Phylogenetic classification of barley and rice bHLHs
The phylogeny was constructed from an aa sequence alignment of the bHLH domain. Representative bHLHs for 201 barley OGGs were included, using rice bHLHs (blue) as a reference. Barley bHLHs were classified into 3 categories: core (red), softcore (orange), and shell/cloud (black), on the basis of their conservation in 20 barley genomes. Subfamilies are highlighted in different colors and labeled accordingly. The branch for the SF_like subfamily is highlighted in red.
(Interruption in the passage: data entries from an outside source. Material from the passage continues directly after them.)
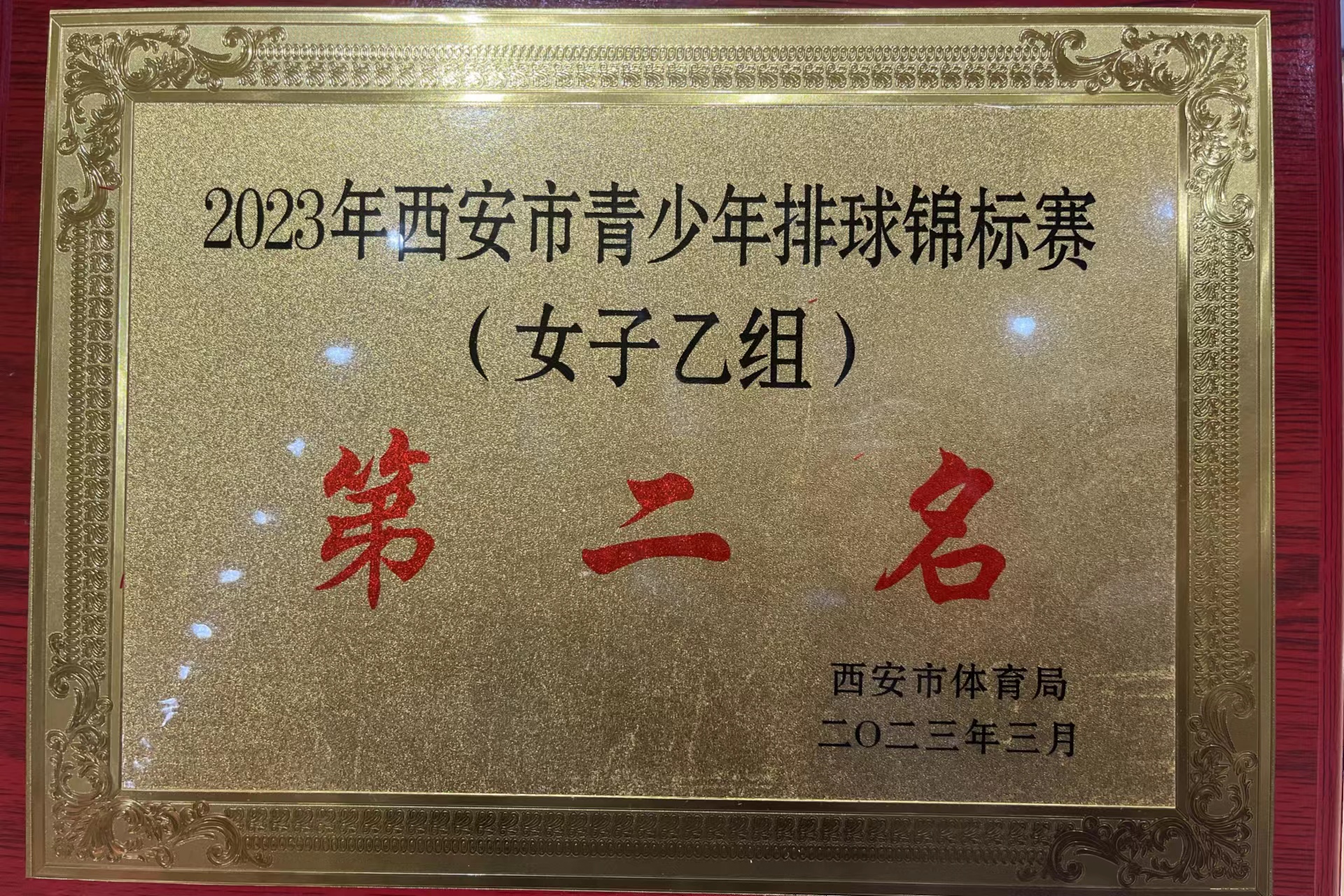 图为排球女子乙组亚军奖牌
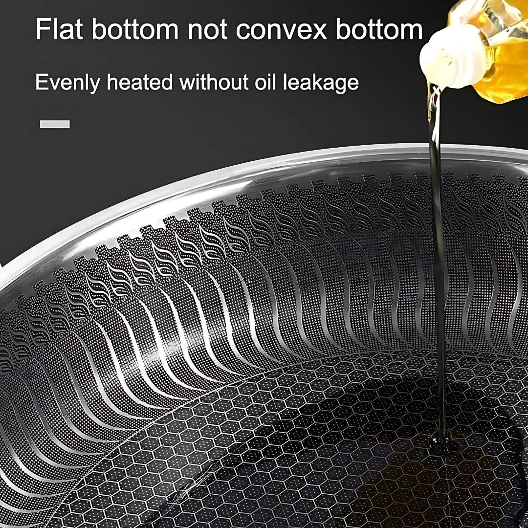 This pan’s triple-layer build includes a high-grade stainless steel base, a conductive aluminum core, and a stainless top layer with elevated non-stick texture. The structure delivers precision heat while minimizing food contact points, which helps reduce sticking and promotes healthier cooking with less oil.
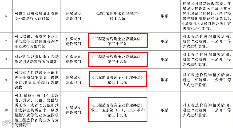 其中已取消的《工程造价咨询企业管理办法》条款如下:
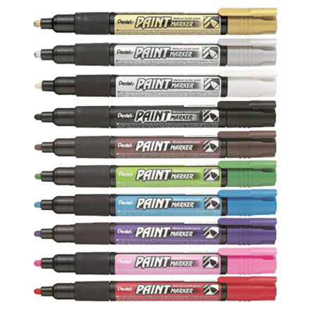 Le Marqueur permanent Paint Marker PENTEL est un marqueur de peinture couvrante et brillante. Il s’agit d’une encre à pigments couleur métallisée sans xylène, indélébile et opaque. Ce marqueur résiste très bien dans le temps. Il s’utilise sur presque toutes les surfaces : carton, bois, plastique, caoutchouc, métal, verre, plâtre, céramique, polyéthylène, cuir et tous usages. Le Paint Marker sèche rapidement et convient pour le bricolage, l’industrie et la décoration.
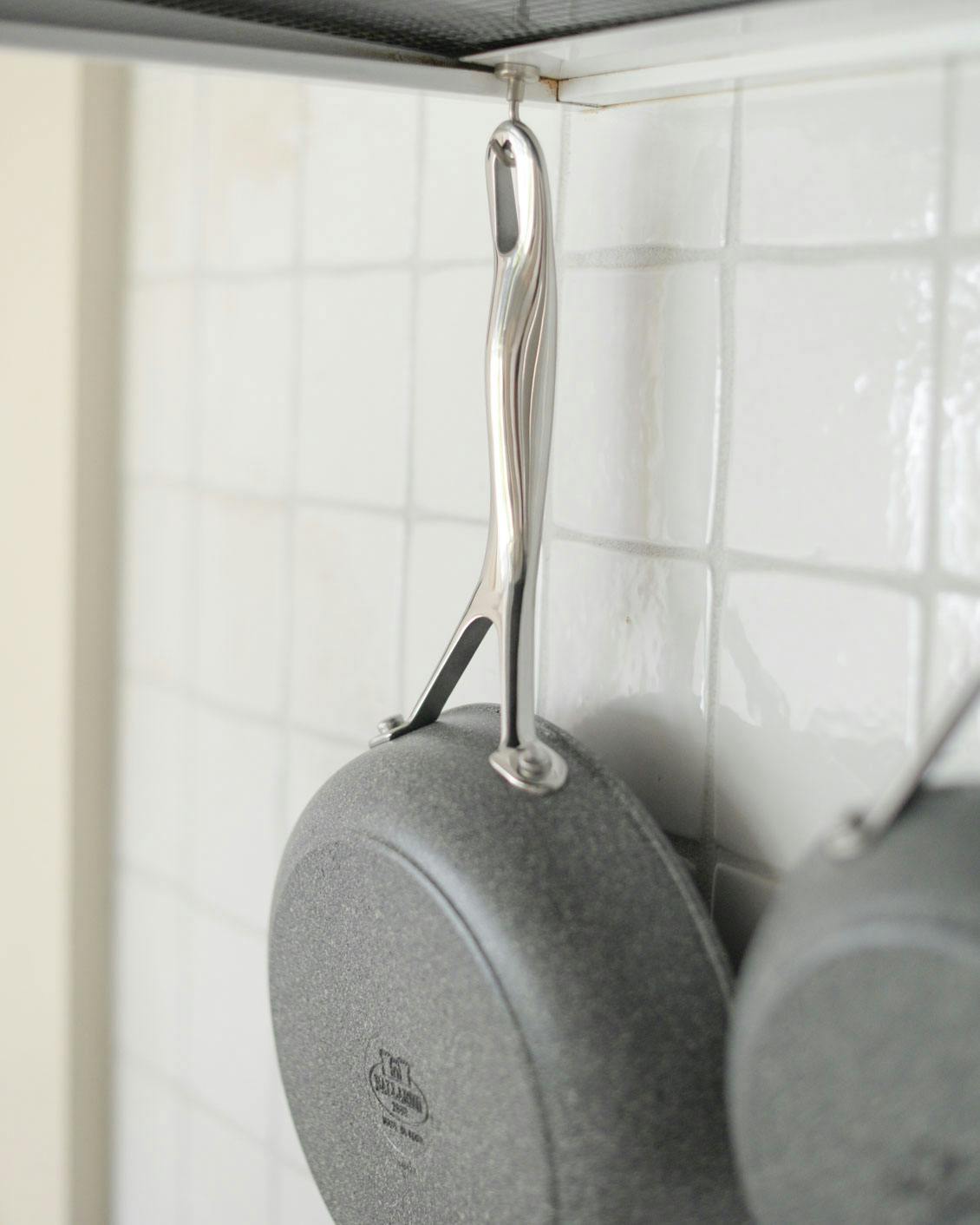 ハンドルにはフック穴が開いているので、吊るして「見せる収納」もOK。キッチンに出しっぱなしにしておいても絵になる姿は、さすがイタリアのデザインです。
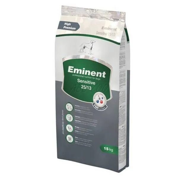 EMINENT SENSITIVE je kompletné krmivo so špeciálne upravovaným hydinovým mäsom a obilninami, určené pre psov so zvýšenou citlivosťou na krmivo, pre alergických psov alebo pri problémoch s hnačkou.

The suffixes (P1–P20) in the barley bHLH pangene IDs indicate the number of barley lines containing that gene. For instance, P20 indicates that the gene is present in all 20 varieties. Three gene-expansion hotspots (SF13b, SF27b, SF28b) containing enriched dispensable bHLHs and atypical bHLHs are labeled correspondingly.
Table 1.
Distribution of bHLHs in rice and barley and functionally characterized bHLHs based on literature review.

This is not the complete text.